What should happen if multiple inputs are asserted? Is there a precedence to them? What should happen if none of the inputs are asserted? Is there a default behavior? Are your shifts logical shifts with no provision for arithmetic shifts? You can implement this in the HDL  it shouldn't be too hard. There are several ways to approach it. One would be to make a part that is a single bit of your shift register and the mux for that bit's input. Tap those signals off a bus. Then at the top level just tie eight of those parts together with a bit of glue logic at each end and your toplevel decode logic and you're done. 
Thanks for the reply.
I will keep in mind to make cleaner diagrams. order of precedence: In short: except for undefined states  right precedes left, shift precedes rotation, all precedes load. Undefined states: If lshift and rshift, or lshift and rrot, are asserted, the result is undefined. In detail: If rshift is asserted, the result is a right shift (no matter what else is asserted). If rshift is deasserted, and rrot is asserted, the result is a right rotation (no matter what else is asserted). If rshift and rrot are deasserted, and lshift is asserted, the result is a left shift (no matter what else is asserted). If other than lrot and load all is deasserted, and lrot is asserted, the result is a left rotation whether load is asserted or not. If load is the only asserted bit, the result is load. If no bit is asserted the result is no change Register(t+1)=Register(t) I thought about eliminating the undefined states, but I figured if the register is going to be part of a memory chip it may be cheaper to eliminate them for the entire chip then to do it for each register. Obviously I don't know how is it done in real life. What do you mean by "no provision for arithmetic shifts"? AFAIK a left shift is a multiplication by 2 and a right shift is an integer division by 2. But that should be true for my design.
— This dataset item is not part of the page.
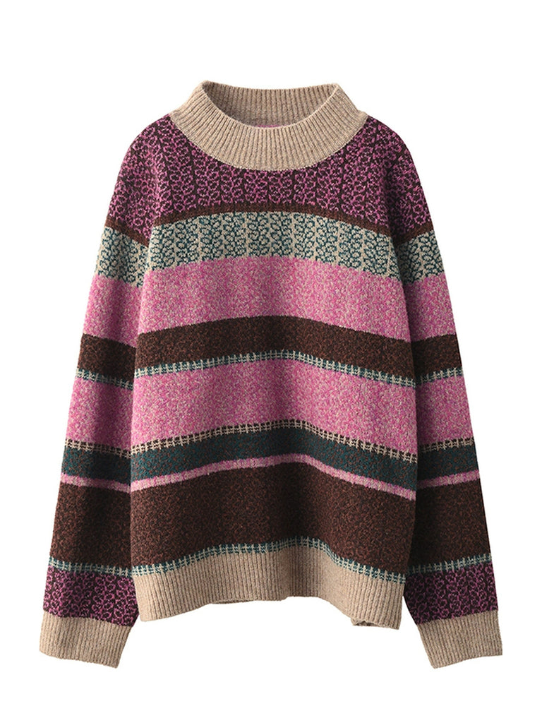 Confeccionado con una mezcla premium de 55% acrílico y 45% algodón, este suéter ofrece una calidez y transpirabilidad óptimas para entretiempo. Su cuello alto le aporta un toque clásico y sofisticado, mientras que sus mangas largas permiten crear diversos estilos. Con un estampado de rayas de estilo artístico, es una prenda ideal para combinar con otras capas en otoño e invierno, perfecta para quienes buscan comodidad y un toque distintivo.

Is there anything else? Your suggestion for implementing an HDL is changing the design. I know how to implement *a* bidirectional shift/rotate Byte register in HDL, but I couldn't find an easy way to implement *this* design in HDL. I did not follow the general line of the course  to use as little chip parts *in an HDL implementation* as possible. I know I could encapsulate the MUX logic in a separate design and only have inputs, output and 8 bit chips in this design, but that would bind the number of MUXes (and possibly the number of ORs also) to the number of bits in the register. In my design, if I am not mistaken, one could increase the number of bits and still only have only one MUX and 2 ORs, limited only by the space on the board available for the width of the bus (at least theoretically). I don't know if that is a good practice for designing chips, but that is what I was going for.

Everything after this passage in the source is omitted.